In Lightning Components you can see the effect of this in code such as Apex callouts in helpers where you end up with:

    let self = this;

In our particular case, you could use an alternative - the fat arrow notation for defining functions.

 event => { this.handleOnValueChanged( event ) }

Which is *would* transpile to (or is synonymous with) this:

    function handleEvent(event) {
        var _this = this;
        ( function (event) { _this.handleOnValueChanged(event); });
    }

Look familiar?

The resulting code for adding the event handler could end up like this:

    allocatedEventListeners = false;

    renderedCallback() {
        if ( ! this.allocatedEventListeners ) {
            this.template.querySelector('.child')
                          .addEventListener( 'valuechanged',
                                            ( ( event ) => { this.handleOnValueChanged( event ) } ).bind() );
            this.allocatedEventListeners = true;
        }
    }

In the end, this would work. But no-one would suggest it was elegant. And in order to get it working we had to brush up against some advanced behaviour of 'this'. Now, I admit that people are going to have to learn how 'this' and its binding behaves in order to write reliable Lightning Web Components - but just to add an event handler?

The reality is that we don't have to think about it - Salesforce have given us a very usable shorthand for it, and we should be extremely grateful for it!

One of the things I’m most excited about in Lightning Web Components is the ability to write Unit Tests for the components.

The unit testing framework of choice is Jest, and it looks well suited. Not least it’s the framework of choice for Facebook, and describes itself as well suited to React apps. Why should that matter? Well, React is a 1-way bound Javascript framework - and so is LWC.

So I was looking forward to get into Unit Testing, following the documentation for testing wired components

Unfortunately, the documentation didn’t work out for me, and it looked like there’s a couple of mistakes in there:

The example ‘getRecord.json’ file isn’t valid JSON.

In order for the file to work, the field names need to be surrounded in double quotes.

I.E. Instead of:

    // getRecord.json
    {
       fields: {
           Name: {
               value: "DYNAMO X1"
           }
       }
    }

The file should be:

    // getRecord.json
    {
       "fields": {
           "Name": {
               "value": "DYNAMO X1"
           }
       }
    }

Interrogating the ‘element’ for its state does not seem to work.

Instead, I found that I needed to get data from the document object.

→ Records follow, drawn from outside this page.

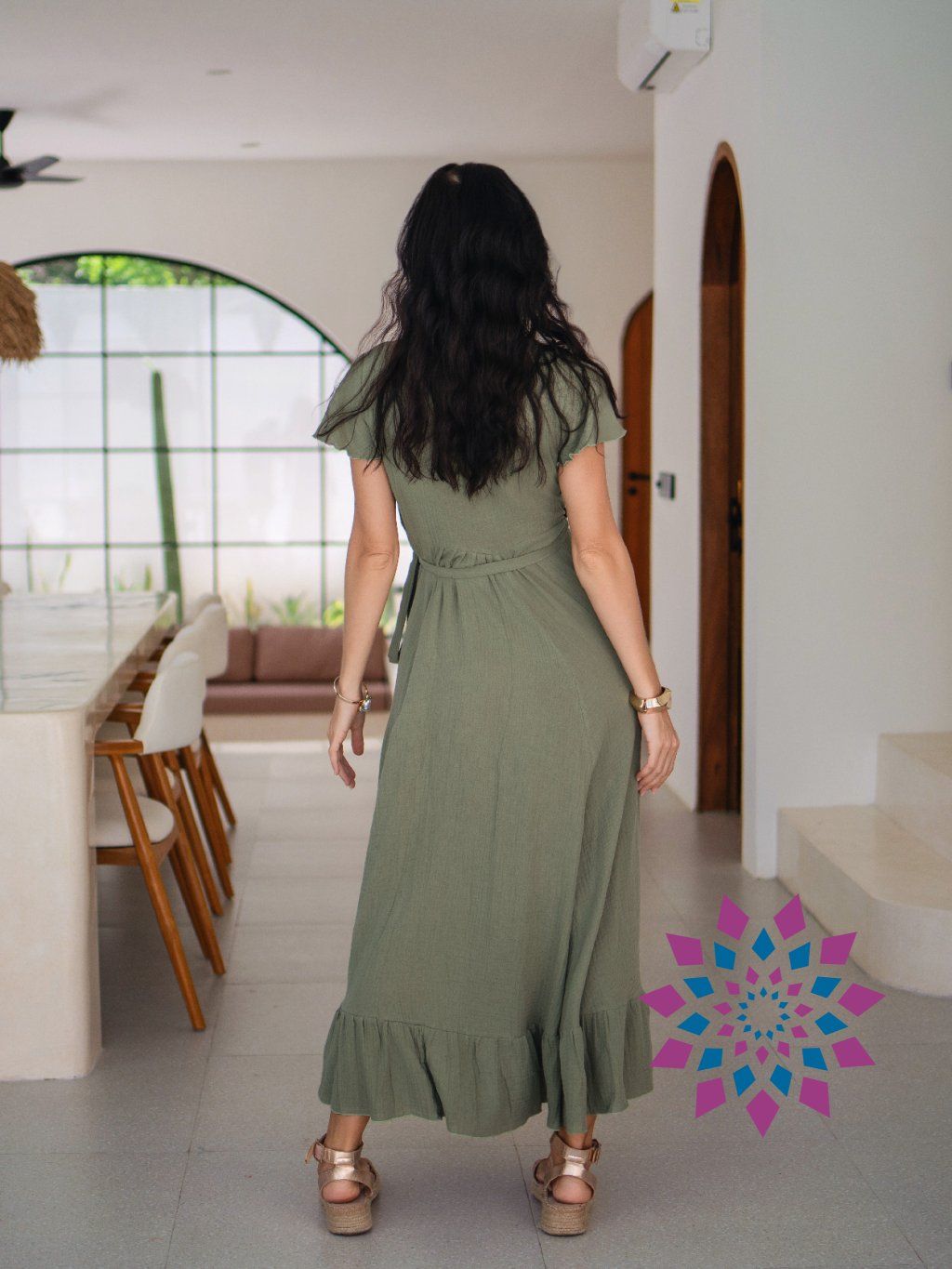 Dlouhé zavinovací mušelínové šaty, které si nastavíš podle sebe a cítíš se v nich volně.
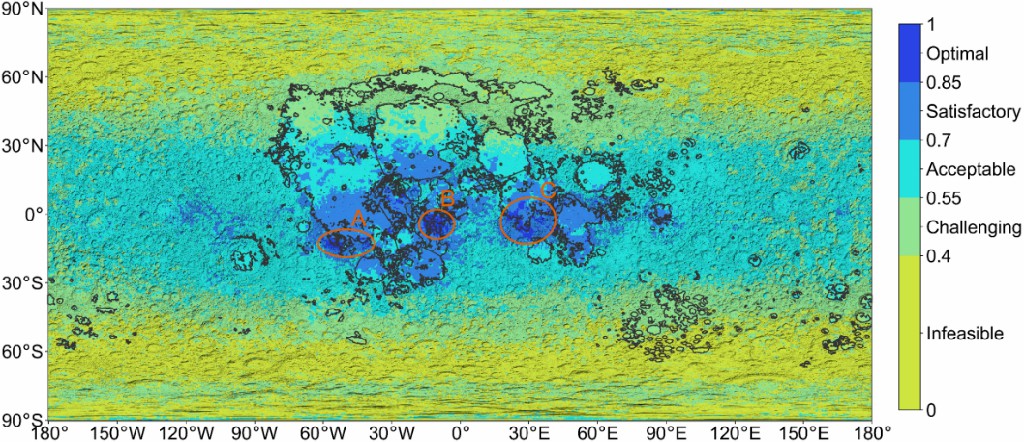 圖2 月球基地選址全月適宜性分布圖。A、B、C區(qū)域是工程地質(zhì)適宜性最高的區(qū)域,A:風暴洋(Oceanus Procellarum)南端;B:島海(Mare Insularum)南部;C:靜海(Mare Tranquillitatis)南部
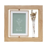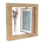 Su diseño elegante y atemporal, resaltará la belleza de tus fotos favoritas. Contiene un marco giratorio, con capacidad para fotografías de 10 x 15 cm y un recipiente de vidrio con flores secas. Añade un toque cálido y natural a tus espacios. Incluye caja individual.
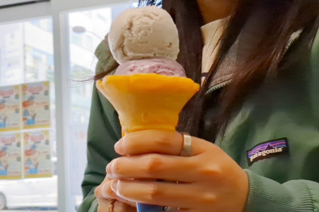 아이스크림 싱글 레귤러(자색마, 오키나와토란치즈케익) – \400
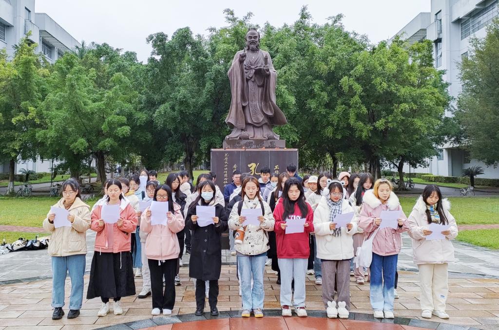 活动开始前,学生们提前到达孔子广场并在学生会女生心理健康部负责人的安排下整齐地列队站立。随后,全体学生高声诵读宪法的部分条款,用心体会宪法的庄严与神圣,晨读现场气氛庄重且严肃。充满仪式感的宪法晨读活动,让学生们对宪法有了更深刻的理解。活动结束后,学生们纷纷表示,通过此次宪法晨读活动,认识到了国有大法、心有信念的重要性,明白身为新时代大学生,应弘扬宪法精神,履行宪法使命,为建设富强、民主、文明、和谐、美丽的社会主义现代化强国而努力学习。
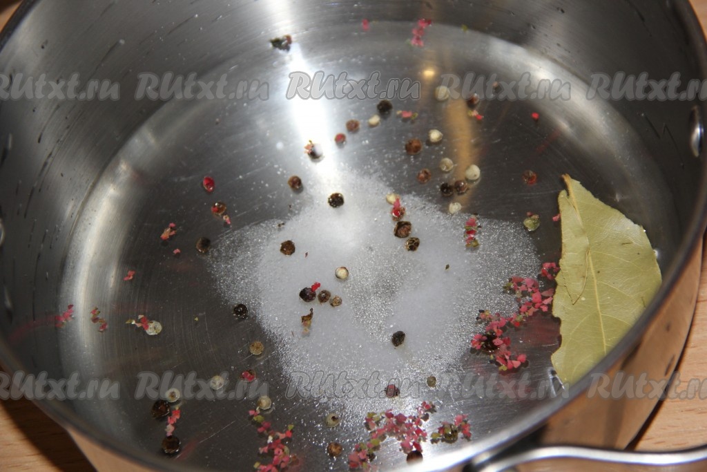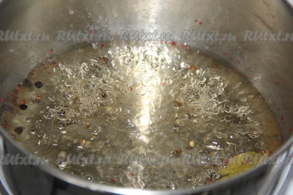 Поставить кастрюлю с водой со специями и сахаром на огонь и довести до кипения.
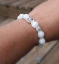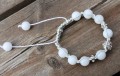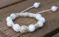 Shamballa-inspireret armbånd med 10 mm hvide kvarts-sten, swarovski-rundeller og sølvfarvet simili-kugle.
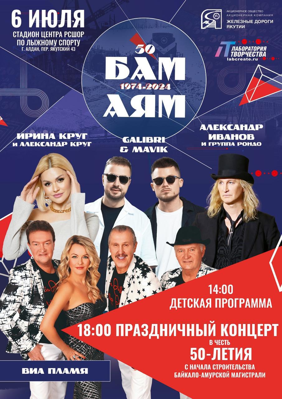 Участников мероприятия и гостей города Алдана поздравят легендарный вокально-инструментальный ансамбль «Пламя», Александр Иванов и группа «Рондо», Ирина Круг и Александр Круг, внук легендарного певца Эдуарда Хиля – Эдуард Хиль, популярный дуэт Galibri & Mavik и другие творческие коллективы.
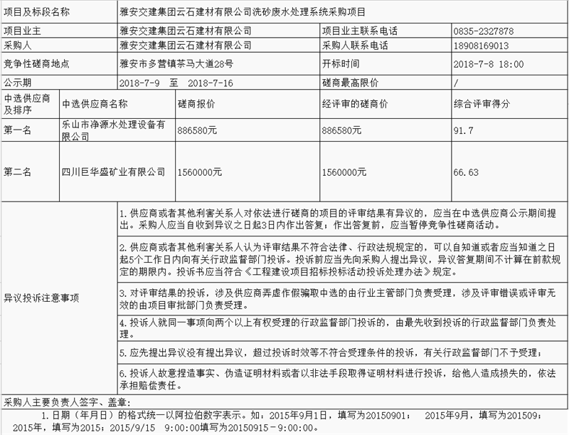 米兰体育-米兰(中国)官网 云石建材有限公司洗砂废水处理系统采购项目中选供应商公示

I.E. The following does not work:

    // Resolve a promise to wait for a rerender of the new content.
       return Promise.resolve().then(() => {
           const content = element.querySelector('.content');
           expect(content.textContent).toBe("Name:DYNAMO X1");
       });

But the following does:

    // Resolve a promise to wait for a rerender of the new content.
       return Promise.resolve().then(() => {
           const content = document.body.querySelector('.content');
           expect(content.textContent).toBe("Name:DYNAMO X1");
       });

Mocking doesn't seem to work for Apex, only LDS

From the quick test I did, I could get the mocking framework to work for the Lightning Data Service, once my implementation of the example was tweaked. However, I couldn't get it to work with an imported Apex method

I didn't see a reference to this being missing, though I guess I may have just missed that, and I know that the recommendation is to use LDS whenever you can. I just worry that there's a really important use case out there - it seems natural to me that components that use custom Apex are likely to be more complex than ones that use LDS. And with that in mind, it feels like missing Apex will be a big loss to the testing framework.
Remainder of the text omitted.